What the task asks - Below this line are records; transcribe exactly the lines between the one holding "Me gustaría crear" and the one holding "Así que comienza", inclusive, and omit the pictures.

Extracted material -
+ + + + + + +
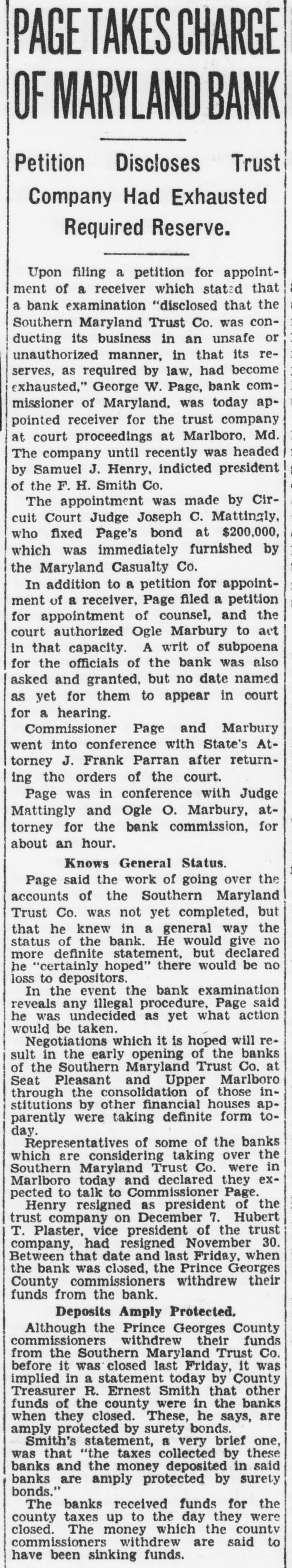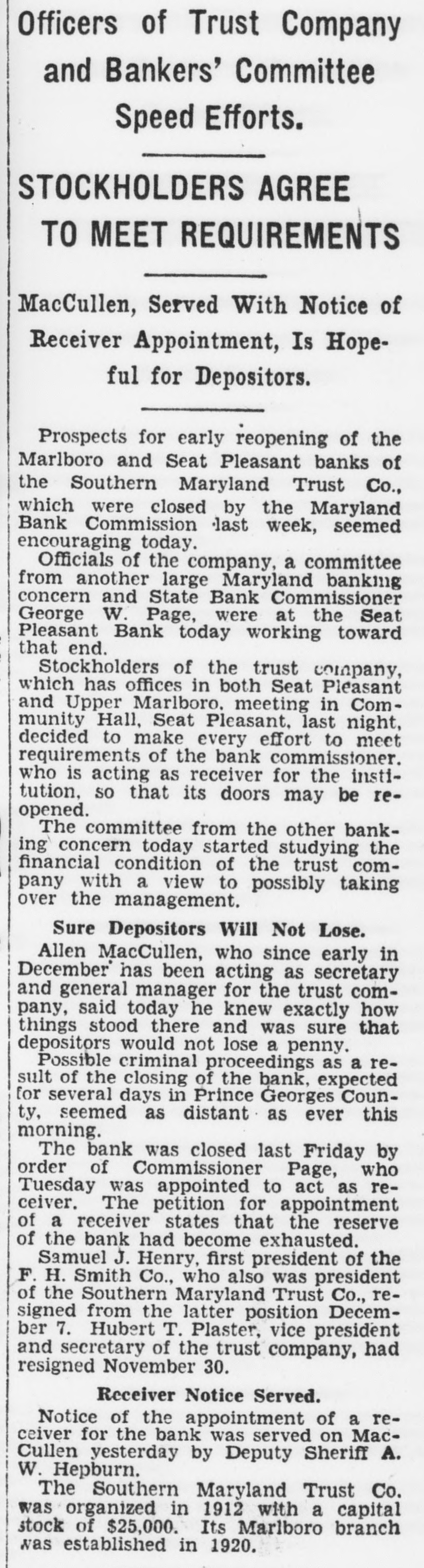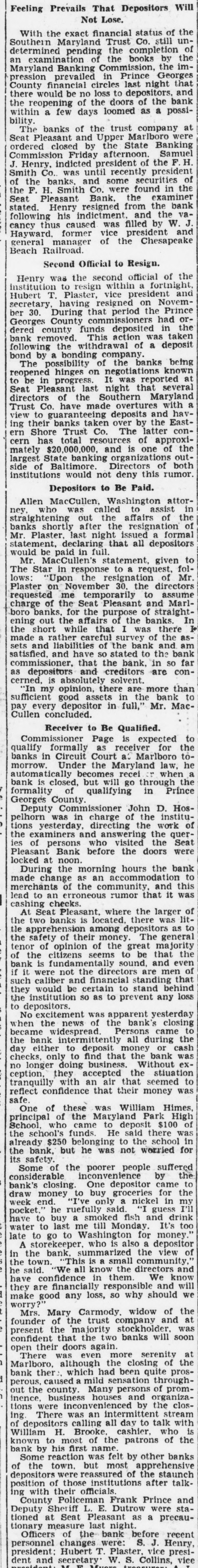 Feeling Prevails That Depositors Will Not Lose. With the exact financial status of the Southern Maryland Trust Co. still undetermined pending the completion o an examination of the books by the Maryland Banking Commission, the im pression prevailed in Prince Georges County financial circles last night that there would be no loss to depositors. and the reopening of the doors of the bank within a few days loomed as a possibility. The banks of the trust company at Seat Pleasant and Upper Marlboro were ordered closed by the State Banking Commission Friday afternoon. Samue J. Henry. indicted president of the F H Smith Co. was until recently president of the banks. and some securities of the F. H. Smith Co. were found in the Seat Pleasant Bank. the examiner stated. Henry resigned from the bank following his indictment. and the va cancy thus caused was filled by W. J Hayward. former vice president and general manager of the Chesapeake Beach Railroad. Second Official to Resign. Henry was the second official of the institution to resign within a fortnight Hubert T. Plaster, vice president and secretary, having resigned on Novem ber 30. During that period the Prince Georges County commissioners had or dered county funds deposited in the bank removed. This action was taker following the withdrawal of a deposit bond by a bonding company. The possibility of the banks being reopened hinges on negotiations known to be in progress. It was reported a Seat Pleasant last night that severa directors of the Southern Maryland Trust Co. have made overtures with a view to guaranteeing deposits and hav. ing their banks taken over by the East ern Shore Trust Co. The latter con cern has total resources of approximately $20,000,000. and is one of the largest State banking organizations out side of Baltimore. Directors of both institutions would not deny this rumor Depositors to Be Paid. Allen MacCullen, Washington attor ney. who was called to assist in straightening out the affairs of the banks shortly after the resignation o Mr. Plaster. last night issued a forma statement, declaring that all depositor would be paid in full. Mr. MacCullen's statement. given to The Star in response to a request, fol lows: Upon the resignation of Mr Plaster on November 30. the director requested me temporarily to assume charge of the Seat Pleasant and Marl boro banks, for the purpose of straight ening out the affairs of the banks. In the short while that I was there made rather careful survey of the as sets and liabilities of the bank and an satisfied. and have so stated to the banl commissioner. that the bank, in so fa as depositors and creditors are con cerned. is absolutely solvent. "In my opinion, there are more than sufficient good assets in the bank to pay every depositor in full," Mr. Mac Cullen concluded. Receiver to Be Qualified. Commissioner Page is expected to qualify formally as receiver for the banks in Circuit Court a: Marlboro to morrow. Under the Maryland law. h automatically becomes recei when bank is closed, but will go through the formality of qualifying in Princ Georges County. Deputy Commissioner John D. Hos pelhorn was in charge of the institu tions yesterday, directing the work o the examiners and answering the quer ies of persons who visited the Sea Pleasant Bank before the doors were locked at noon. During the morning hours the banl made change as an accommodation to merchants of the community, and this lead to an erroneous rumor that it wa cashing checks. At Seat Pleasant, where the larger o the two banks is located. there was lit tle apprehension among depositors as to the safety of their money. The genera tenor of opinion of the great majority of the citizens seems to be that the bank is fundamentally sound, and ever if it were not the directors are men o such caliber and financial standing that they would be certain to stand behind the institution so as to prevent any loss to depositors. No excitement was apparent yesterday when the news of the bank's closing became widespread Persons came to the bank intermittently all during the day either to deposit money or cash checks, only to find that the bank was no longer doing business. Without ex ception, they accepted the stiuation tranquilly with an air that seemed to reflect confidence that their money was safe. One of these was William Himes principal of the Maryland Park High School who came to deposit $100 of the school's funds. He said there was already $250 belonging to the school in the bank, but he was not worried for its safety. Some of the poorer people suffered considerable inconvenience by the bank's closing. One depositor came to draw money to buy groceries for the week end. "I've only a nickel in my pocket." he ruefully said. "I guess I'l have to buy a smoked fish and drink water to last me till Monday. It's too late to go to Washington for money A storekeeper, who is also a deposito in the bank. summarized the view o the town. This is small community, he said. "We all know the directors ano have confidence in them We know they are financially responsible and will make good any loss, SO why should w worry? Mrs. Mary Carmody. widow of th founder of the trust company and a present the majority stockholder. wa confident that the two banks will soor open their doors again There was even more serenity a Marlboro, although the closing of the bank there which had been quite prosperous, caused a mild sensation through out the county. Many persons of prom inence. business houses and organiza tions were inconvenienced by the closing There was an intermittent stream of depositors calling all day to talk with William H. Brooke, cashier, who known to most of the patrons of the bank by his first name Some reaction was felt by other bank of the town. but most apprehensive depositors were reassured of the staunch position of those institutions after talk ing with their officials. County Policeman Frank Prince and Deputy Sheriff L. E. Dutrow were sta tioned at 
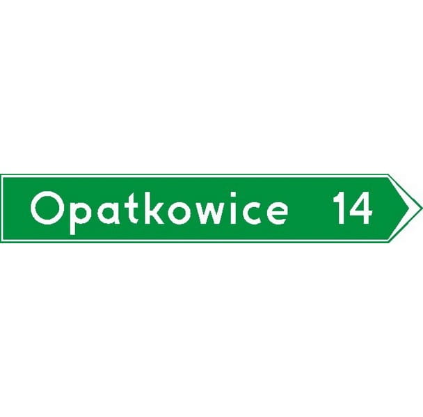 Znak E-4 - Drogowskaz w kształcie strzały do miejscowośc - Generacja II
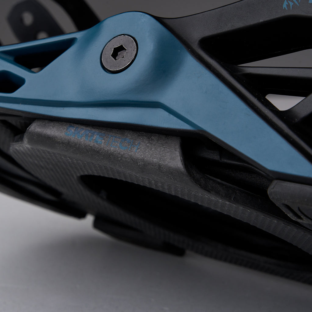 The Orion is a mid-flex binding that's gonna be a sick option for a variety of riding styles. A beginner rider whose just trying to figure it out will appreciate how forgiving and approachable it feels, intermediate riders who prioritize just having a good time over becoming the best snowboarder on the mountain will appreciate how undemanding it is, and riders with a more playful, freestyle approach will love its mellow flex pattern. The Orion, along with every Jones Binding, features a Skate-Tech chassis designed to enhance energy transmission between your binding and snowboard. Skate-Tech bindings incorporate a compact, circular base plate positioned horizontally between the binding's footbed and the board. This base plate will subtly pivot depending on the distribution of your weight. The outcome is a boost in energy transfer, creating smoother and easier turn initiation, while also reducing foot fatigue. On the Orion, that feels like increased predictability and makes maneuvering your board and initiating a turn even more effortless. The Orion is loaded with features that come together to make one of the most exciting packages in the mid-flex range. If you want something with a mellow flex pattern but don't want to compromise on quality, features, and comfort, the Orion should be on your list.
+ + + + + + +
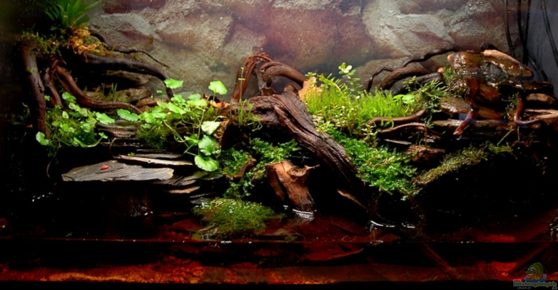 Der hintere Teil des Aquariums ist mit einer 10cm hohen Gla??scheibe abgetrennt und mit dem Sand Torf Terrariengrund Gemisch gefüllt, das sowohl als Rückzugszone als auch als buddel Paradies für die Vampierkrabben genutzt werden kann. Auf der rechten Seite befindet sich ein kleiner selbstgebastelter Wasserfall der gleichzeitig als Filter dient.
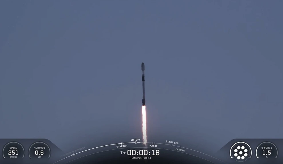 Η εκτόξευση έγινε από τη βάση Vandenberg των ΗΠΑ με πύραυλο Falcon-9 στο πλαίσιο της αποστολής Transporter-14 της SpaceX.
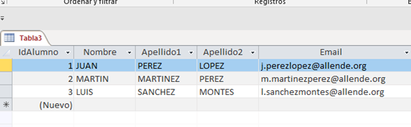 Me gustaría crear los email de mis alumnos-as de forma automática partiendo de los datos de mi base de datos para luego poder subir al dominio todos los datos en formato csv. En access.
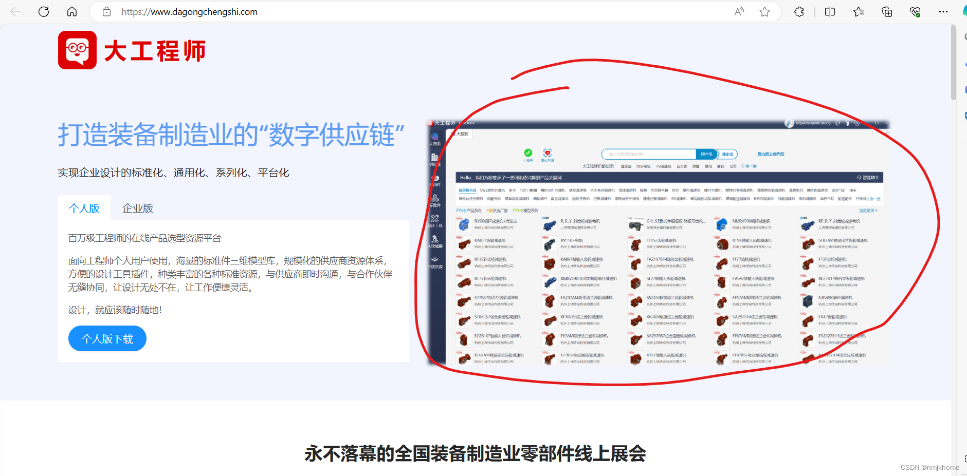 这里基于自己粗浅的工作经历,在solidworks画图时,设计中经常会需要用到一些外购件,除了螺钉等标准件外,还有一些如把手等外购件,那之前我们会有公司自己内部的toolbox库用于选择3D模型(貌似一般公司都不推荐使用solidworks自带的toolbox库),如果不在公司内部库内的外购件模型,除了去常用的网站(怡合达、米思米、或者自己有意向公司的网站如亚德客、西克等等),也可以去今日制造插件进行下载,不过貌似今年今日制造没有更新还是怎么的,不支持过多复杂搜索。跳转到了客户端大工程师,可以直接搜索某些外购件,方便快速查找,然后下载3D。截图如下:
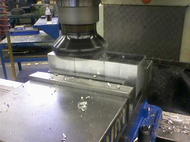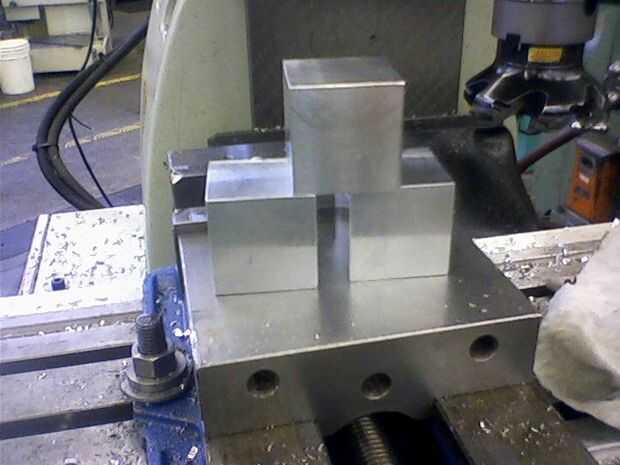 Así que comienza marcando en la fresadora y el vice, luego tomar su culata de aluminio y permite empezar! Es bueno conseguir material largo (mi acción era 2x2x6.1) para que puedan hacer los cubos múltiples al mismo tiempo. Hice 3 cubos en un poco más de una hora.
+ + + + + + +
Result for this exercise -
 Me gustaría crear los email de mis alumnos-as de forma automática partiendo de los datos de mi base de datos para luego poder subir al dominio todos los datos en formato csv. En access.
 这里基于自己粗浅的工作经历,在solidworks画图时,设计中经常会需要用到一些外购件,除了螺钉等标准件外,还有一些如把手等外购件,那之前我们会有公司自己内部的toolbox库用于选择3D模型(貌似一般公司都不推荐使用solidworks自带的toolbox库),如果不在公司内部库内的外购件模型,除了去常用的网站(怡合达、米思米、或者自己有意向公司的网站如亚德客、西克等等),也可以去今日制造插件进行下载,不过貌似今年今日制造没有更新还是怎么的,不支持过多复杂搜索。跳转到了客户端大工程师,可以直接搜索某些外购件,方便快速查找,然后下载3D。截图如下:
 Así que comienza marcando en la fresadora y el vice, luego tomar su culata de aluminio y permite empezar! Es bueno conseguir material largo (mi acción era 2x2x6.1) para que puedan hacer los cubos múltiples al mismo tiempo. Hice 3 cubos en un poco más de una hora.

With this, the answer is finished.